一日少ないときでも二十匹、多いときは五十匹ものスライムを狩るディルは、既にある程度の金銭的な余裕が生まれ始めている。
クーリ達に節約の方法を教わったのは今も生きているし、ディギンには比較的安値で黄泉還しの研ぎを行ってもらっている。使うのは食事と宿代、たまのアリスに渡すお土産くらいなものなので金銭の費消はそれほど多くない。

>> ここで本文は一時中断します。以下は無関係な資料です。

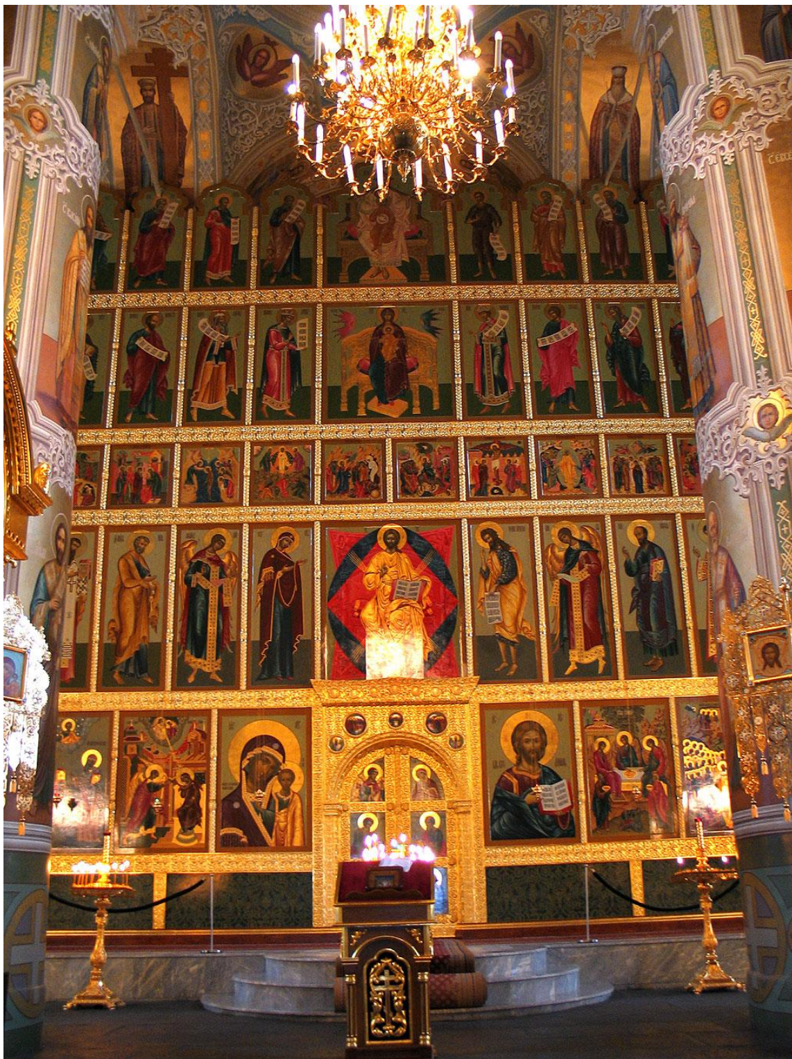
Иконостас Благовещенского собора; Москва, XIV – XIX вв.

(Костикова, Р. С. Святые Московского Кремля. Москва, 2001. с.73.)

一日の稼ぎの平均が銀貨六枚で使うのは大体銀貨二枚なので、差し引き銀貨四枚ずつを貯蓄に回すことができていることになる。
冒険者ギルドに金を持っておいてもらえる預け入れ制度を用いるために、保管料で若干目減りこそしているものの、ディルには金貨七枚ほどの蓄えが生まれていた。
お金を貯めている理由は単純で、防具一式を揃えるためである。スライム討伐ならば必要はないのだが、もしもの時の備えはしておいた方がいい。
何が起こるかわからないこの世の中である。魔物の群れが生活圏を追われてやって来るようなこともあれば、盗賊に襲われるといったこともないとは言えない。流石に今のままのボロの服だと、色々と問題があるだろう。
金貨十枚もあれば、素材の産出地に出向いていけばある程度の魔物素材の防具が買えるのだという。ギアンの鉄製防具を付けられるだけの筋力のないジジイは、お金を貯めてから腰をやる覚悟でどこかへ出向き、防具を揃えるつもりだった。
そう遠くないうちに、金は貯まりそうじゃの。
これで自分の装備が整えば、本格的に仕送りが見えてくるぞいとホクホク顔のディル。
彼を見てその真面目な顔を少し緩めたミースが彼のギルドカードに何かを記入し、顎に手をやった。
「……そろそろ、Dランク昇格試験を受けることになりそうですね」
「……はぇ?」
お金が貯まることに快感を覚えていたディルは、気付いていなかった。
初心者向けとはいえ戦えば死の危険もあるようなスライムを毎日毎日何十匹も狩ってくるのが、一体何を意味するのかということを。
後先をわりと考えずに日々を生きていた齢六十超えのおじいちゃんは、金に眩みスライムを狩りすぎたせいで新人冒険者のままではいられなくなってしまった。
「それじゃあ、今のうちに試験の日取りを決めておきしょうか」
「な、なんでちょっと嬉しそうなんじゃ…………わし、こわい」
防具のための金を貯めるよりも早く、防具が必要になりそうな事態が起こりそうな展開に戦々恐々とするディル。
普段の戦いの際の勇ましさなど欠片もなく、おじいちゃんはまだ見ぬ危険の気配にその身を震わせた。